The line that moved me the deepest was about God bringing “my dog, Millie, into my life. She is the best therapy a person could ask for. She never lets me down, she stands between me and my lions. She doesn’t tell anyone the secrets I share with her.”
Millie is a huge black Newfoundlander brute.

We were all challenged to name our own dens, and the lions that circulated there.

Then Alana sat down.

After the service, as folks gathered around her, Alana just wanted to go home. An introvert, she was exhausted.

As moving, as emotional as that message was for me, there was another realization that was striking. To a significant degree, this was not a huge stretch for Alana. This was more a matter of fact telling about a piece of her life.
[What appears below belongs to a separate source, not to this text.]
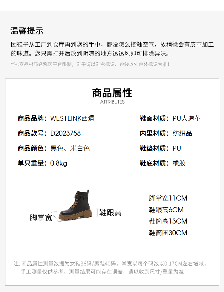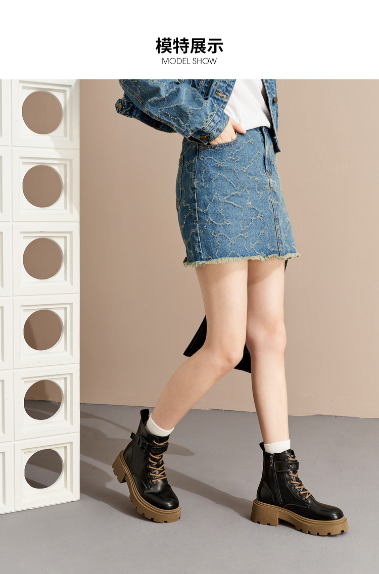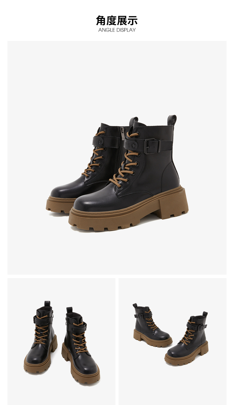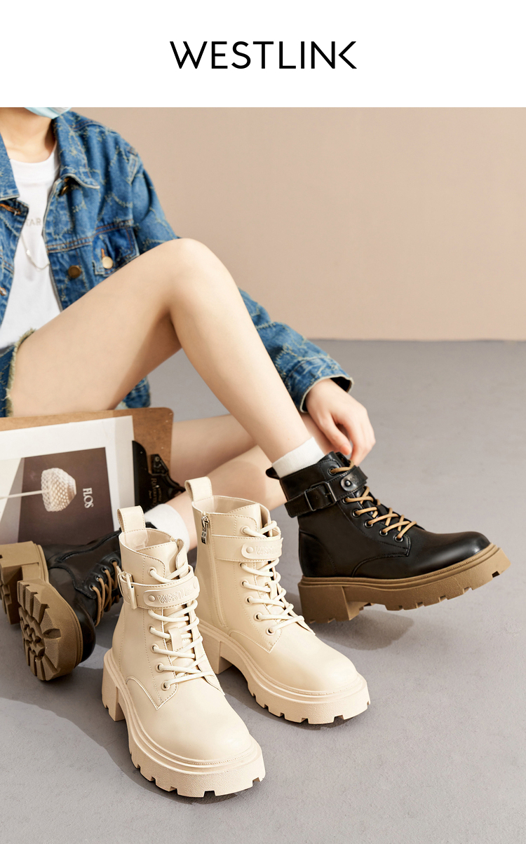 西遇厚底马丁靴女2022年秋冬季新款时尚百搭小个子粗跟帅气短筒靴D2023758

I’m sure Alana didn’t sniff the huge stigma that earlier generations have placed upon mental health matters, the crude and degrading language. She couldn’t know that two generations earlier, when her grandparents took her place in grade school, there was no awareness, no language, and certainly no pulpit connected to the topic of mental health.

One generation ago, when her parents filled that twelve-year-old space, there was only a tiny bit more acknowledgement, but still little healthy language, and, in my awareness, no more pulpit time given to depression and anxiety. Mental health was not seen as relevant to spirituality.

“A child shall lead then.”

Full disclosure, Alana and her mother share my genes, in case you hadn’t guessed that.